Overtime calculations

Work-life balance can be a touchy subject for both employers and employees alike. Many businesses might see employees regularly putting in long hours and late nights to make sure their tasks are being completed. Sometimes, this may be at the request of the employer, while other times it may be due to the employee wanting to put in the extra time to meet a deadline or put the finishing touches on a project.


Exempt Versus Non-Exempt Employees

Depending on whether the employee is classified as an exempt or non-exempt employee, these extra hours could entitle the employee to overtime pay. Exempt and non-exempt are terms used to refer to jobs that are governed by the Fair Labor Standards Act, or FLSA, and exclusions from FLSA coverage are determined by several criteria, including rates of pay and job duties.

Employees who are in positions considered exempt from FLSA coverage are not required to be paid for overtime work. These employees are typically guaranteed a set base salary for any work period in which they perform any work (less certain allowable deductions).
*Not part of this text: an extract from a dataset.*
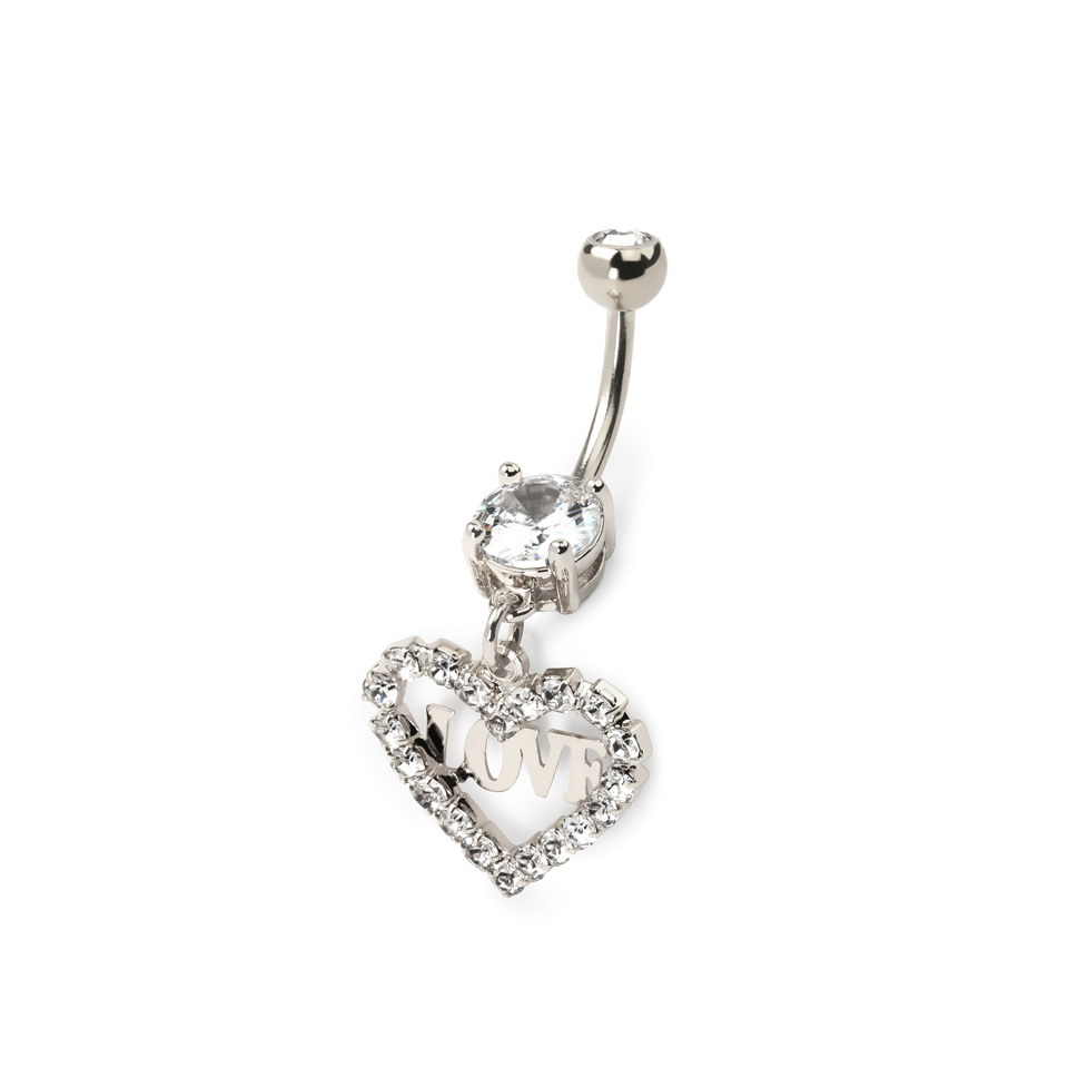 Name: Bauchnabelpiercing mit Steinherz und Love-Text
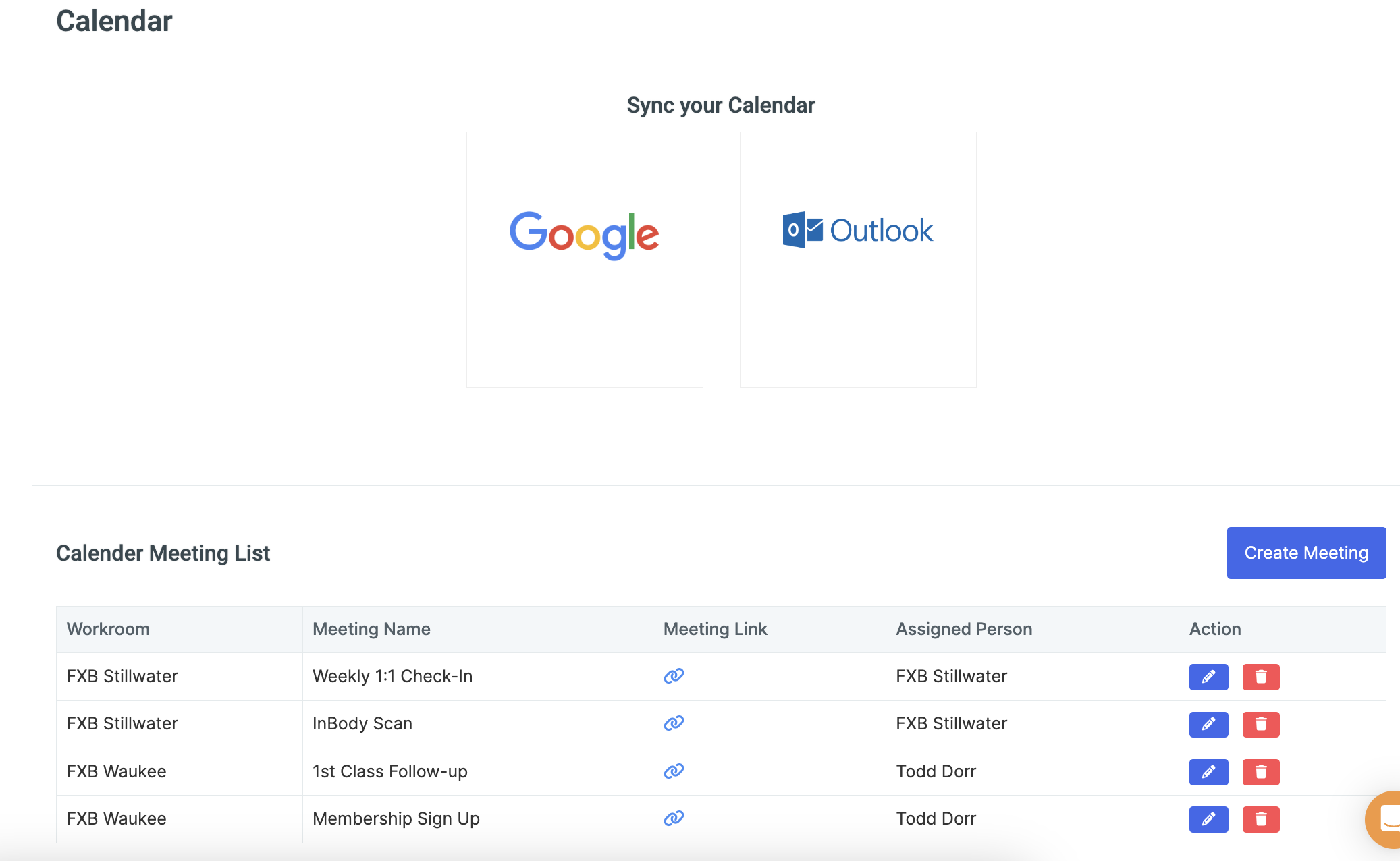 Once you’ve created each meeting, you’ll see them on the ‘Calendar’ page.

Non-exempt employees, on the other hand, are protected by the FLSA requirements which state that employees must be paid at least the federal minimum wage for all hours worked. The FLSA also requires overtime pay to be calculated at no less than one and a half times the employee’s regular rate of pay for time worked over 40 hours in a work week. Non-exempt employees putting in extra hours are legally required to be paid overtime pay if it puts them over 40 hours worked in a designated work week, even if those extra hours were not scheduled or authorized.


What If My State Has Different Rules for Overtime?

While the FLSA provides some minimum standards and basic guidance, it’s important for businesses to know that there may be other regulatory requirements for specific states and municipalities. As a general rule, employers should follow the requirement that is most beneficial to the employee. This could mean employees may be entitled to overtime pay and sometimes double pay, even if they wouldn’t normally receive any overtime at all under FLSA guidelines.


How Can I Reduce Overtime?

Excessive and unanticipated overtime can really hurt the budget and could be indicative of other issues within the company. When employees regularly feel the need to work extra hours to get their job done, they can feel burnt out and experience decreased productivity. In some cases, the extra hours being recorded may be due to errors in data entry where time is being manually recorded. Paper timesheets are notoriously inefficient and error-laden – not to mention how easily they can be manipulated by disgruntled or dishonest employees.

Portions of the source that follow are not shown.